▸ WORKING DATA
§

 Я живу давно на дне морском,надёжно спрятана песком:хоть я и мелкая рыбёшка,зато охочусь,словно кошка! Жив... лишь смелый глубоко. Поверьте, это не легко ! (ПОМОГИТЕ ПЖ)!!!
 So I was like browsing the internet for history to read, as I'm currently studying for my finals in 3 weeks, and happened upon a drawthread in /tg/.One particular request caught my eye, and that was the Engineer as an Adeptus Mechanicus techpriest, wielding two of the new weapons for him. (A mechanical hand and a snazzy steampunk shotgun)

§

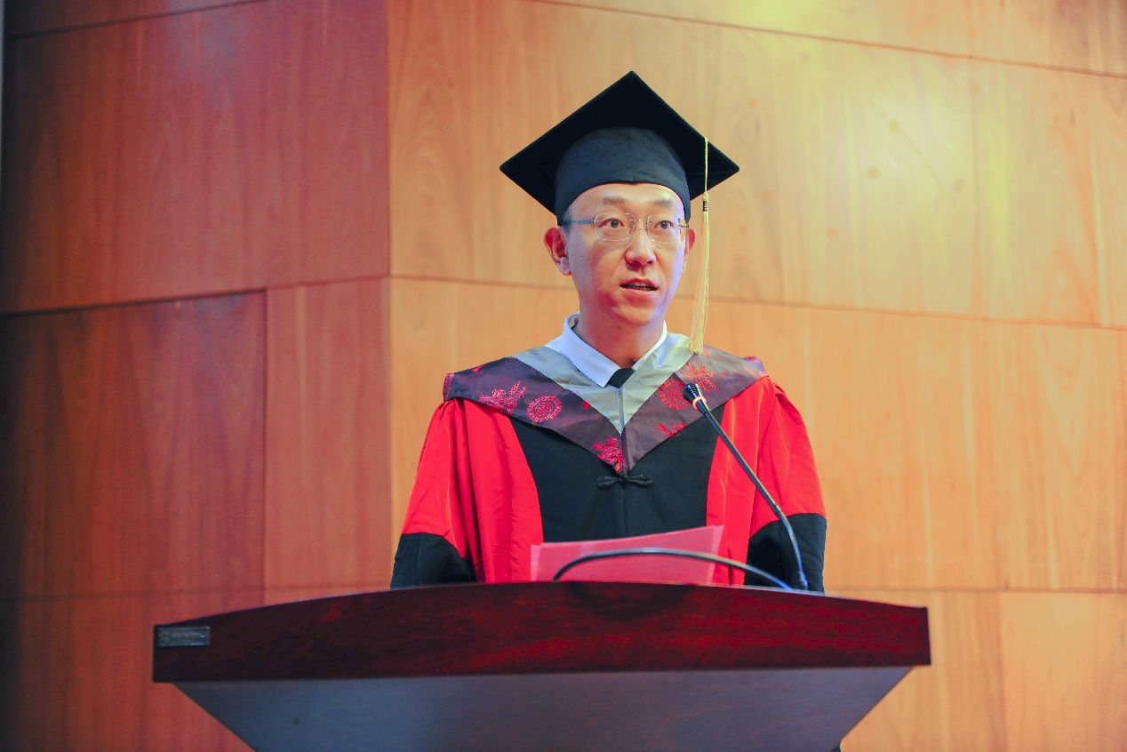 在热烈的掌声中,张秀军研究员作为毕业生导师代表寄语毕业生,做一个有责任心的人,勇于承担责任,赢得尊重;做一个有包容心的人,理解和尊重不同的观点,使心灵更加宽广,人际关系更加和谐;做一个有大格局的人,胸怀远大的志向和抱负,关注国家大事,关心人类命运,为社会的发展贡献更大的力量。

§

▸ PROBLEM DESCRIPTION
From the records above, transcribe without alteration every line from the one with "Я живу давно" to the one with "So I was like", inclusive.

▸ ANSWER BOX
 Я живу давно на дне морском,надёжно спрятана песком:хоть я и мелкая рыбёшка,зато охочусь,словно кошка! Жив... лишь смелый глубоко. Поверьте, это не легко ! (ПОМОГИТЕ ПЖ)!!!
 So I was like browsing the internet for history to read, as I'm currently studying for my finals in 3 weeks, and happened upon a drawthread in /tg/.One particular request caught my eye, and that was the Engineer as an Adeptus Mechanicus techpriest, wielding two of the new weapons for him. (A mechanical hand and a snazzy steampunk shotgun)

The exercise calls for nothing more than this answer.